Au visa des articles R511-7, R511-8 et R512-1 du code des procédures civiles d’exécution, la demanderesse soutient qu’aucune des procédures ou formalités requises n’a ét é accomplie par la société TEREVA aux fins d’obtenir un titre exécutoire, de sorte que l’ordonnance accordant la saisie conservatoire est caduque et qu’il convient d’ordonner la mainlevée de la saisie réalisée.
Elle estime que l’attitude du créancier poursuivant et la saisie pratiquée revêtent un caractère abusif.
Après renvois l’affaire a été appelée le 1er mars 2024.
A cette audience, la SASU SAAD BAT, représentée par son avocat, a déposé son dossier et a déclaré oralement s’en rapporter à son assignation.
La société TEREVA, représentée par son avocat, a déposé son dossier et ses dernières conclusions et a déclaré oralement s’en rapporter à ses écritures aux termes desquelles elle demande au juge de l’exécution de :
- débouter la SASU SAAD BAT de l’ensemble de ses prétentions
- condamner la SASU SAAD BAT à lui verser 1000 euros à titre de dommages-intérêts pour procédure abusive et injustifiée, 2000 euros au titre de l’article 700 du code de procédure civile et à supporter les dépens.
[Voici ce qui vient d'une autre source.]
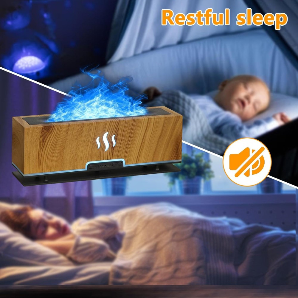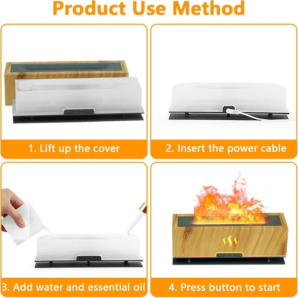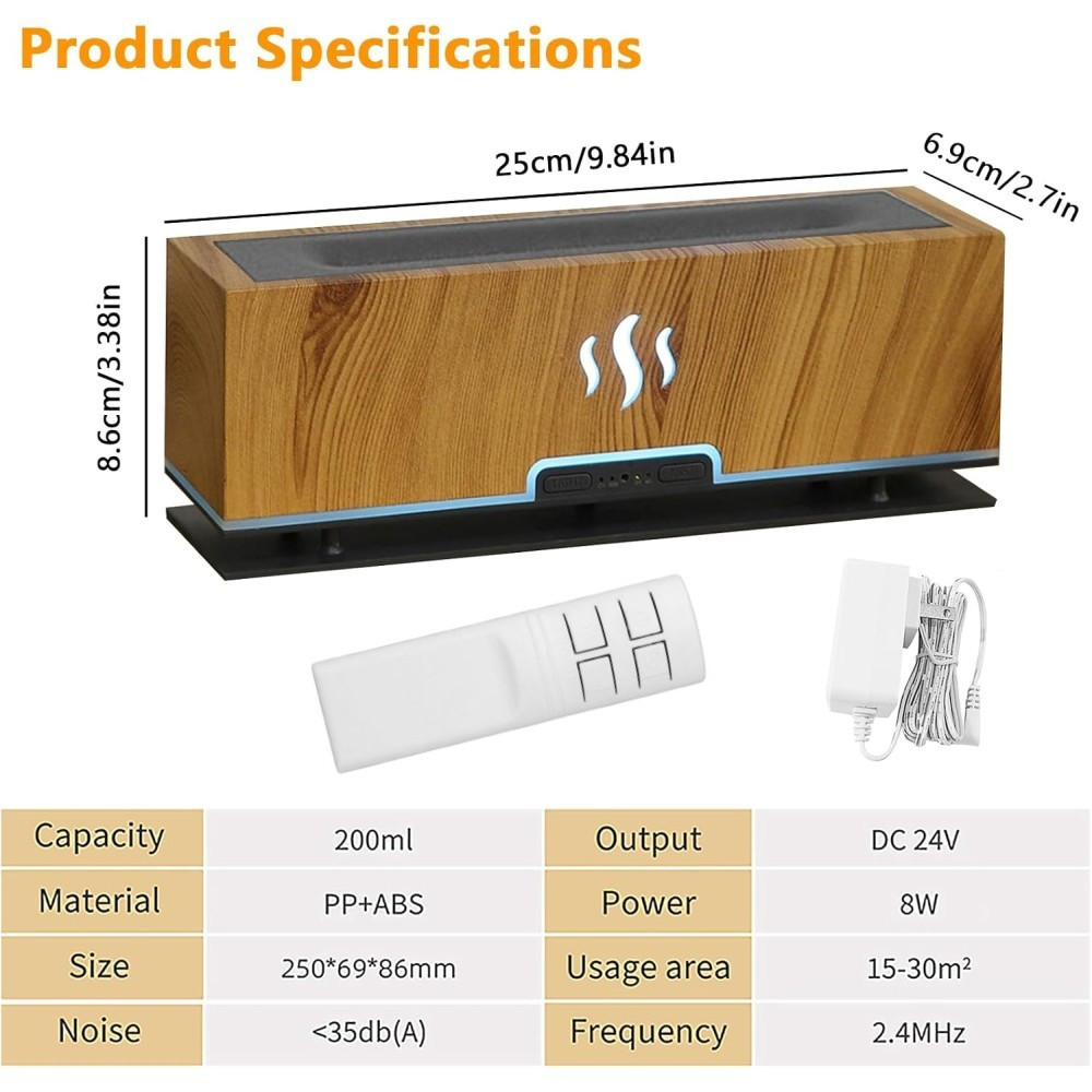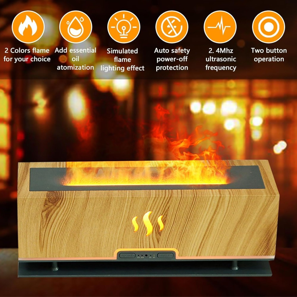 Varázsold otthonodat meghitté és különlegessé ezzel a modern, lángillúziót keltő aromadiffúzorral! A természetes fa hatású burkolat elegáns megjelenést ad, miközben a készülék ultrahangos technológiával finom, hűvös párát bocsát ki – amit a beépített LED fények látványos, tűzszerű ragyogással tesznek igazán egyedivé.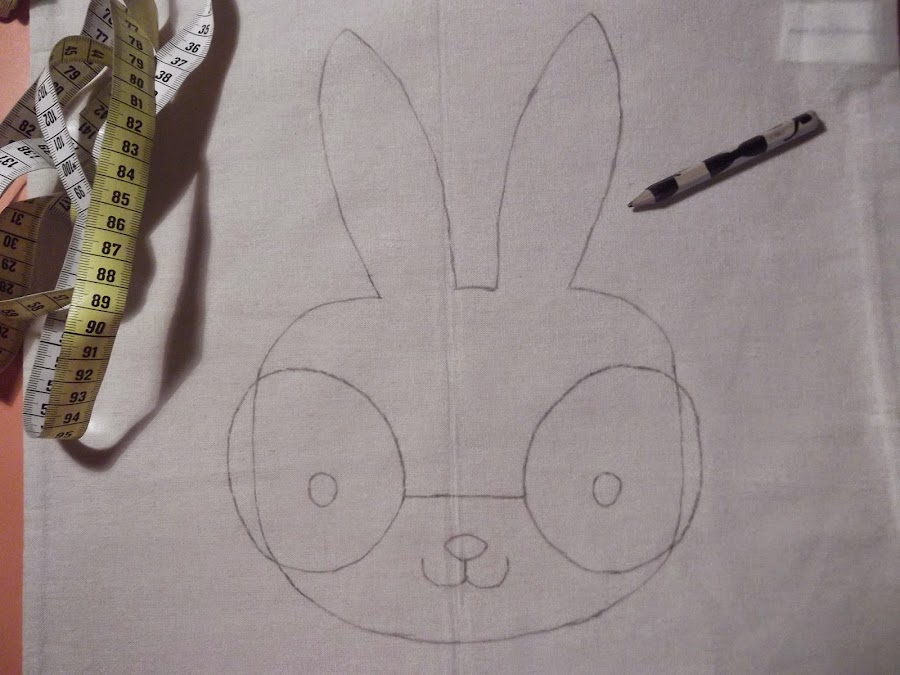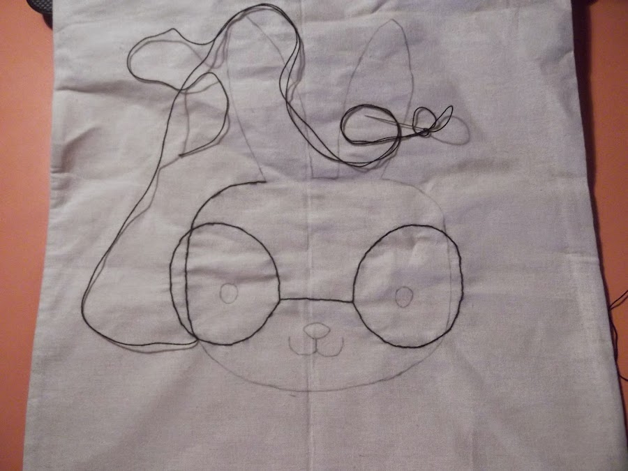 Pasamos el diseño a nuestra bolsa, dibujándolo a lápiz sin apretar demasiado. Si sois igual de mantas que yo, probad a poner el diseño dentro de la bolsa, en mi caso se transparentaba lo suficiente como para carcarlo, y menos mal porque si no, no sé que habría salido de ahí...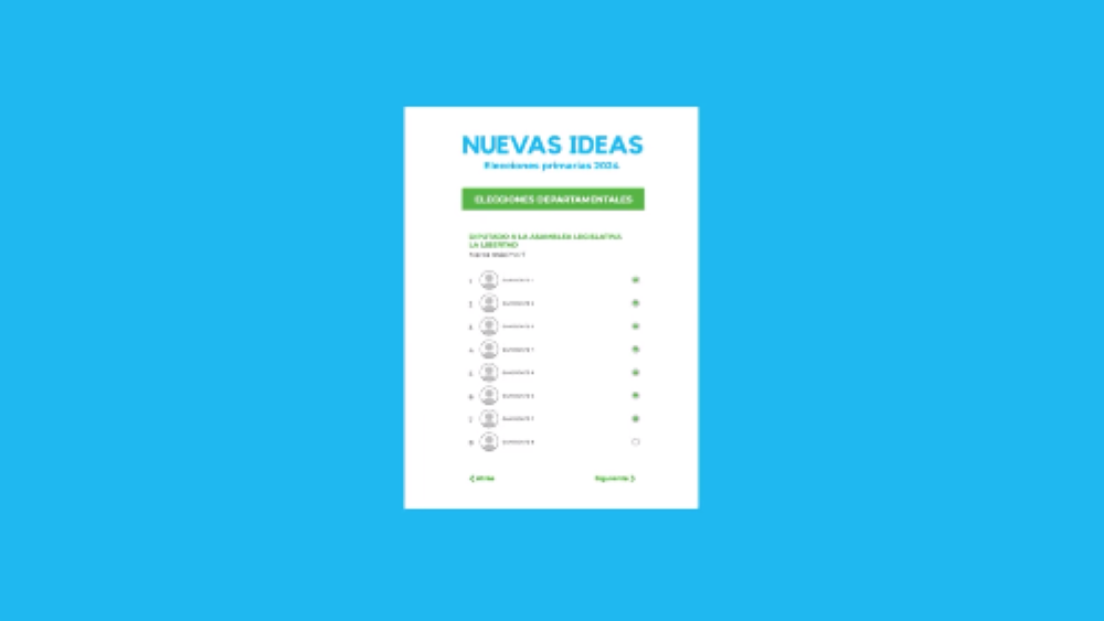 Si el afiliado tiene su DUI y su código, deberá ingresar al sitio web de Nuevas Ideas y darle cliquear en la opción "Vota aquí".La Ley de Partidos Políticos exige a todos los partidos políticos que seleccionen a sus candidatos a través de voto libre, directo, igualitario y secreto de sus miembros o afiliados inscritos en un padrón correspondiente a su circunscripción territorial.
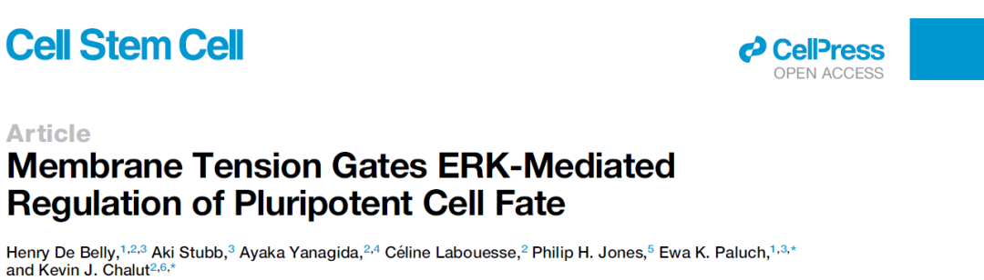 值得一提的是, 英国剑桥大学Kevin J. Chalut研究组以及英国伦敦大学学院Ewa K. Paluch研究组合作在当期Cell Stem Cell上发表背靠背文章,题为Membrane Tension Gates ERK-Mediated Regulation of Pluripotent Cell Fate,发现膜张力门控增加内吞作用会作为一个关键机制调节ERK调控的细胞命运转变。

La société TEREVA objecte qu’elle a parfaitement rempli les formalités imposées par les articles L511-7 et L511-8 du code des procédures civiles d’exécution en ce qu’elle a notamment signifié la mesure conservatoire dans les 8 jours au débiteur, introduit une requête en injonction de payer dans le délai d’un mois de la mesure et obtenu un titre exécutoire (étant précisé que désormais l’ordonnance d’injonction de payer est d’emblée revêtue de la formule exécutoire), qu’elle a informé le tiers saisi de la procédure introduite en vue de l’obtention d’un titre exécutoire et que ce dernier a été signifié à la SASU SAAD BAT, de sorte qu’aucune caducité n’est encourue.
Elle estime que la présente action diligentée par la partie demanderesse est abusive et lui cause un préjudice.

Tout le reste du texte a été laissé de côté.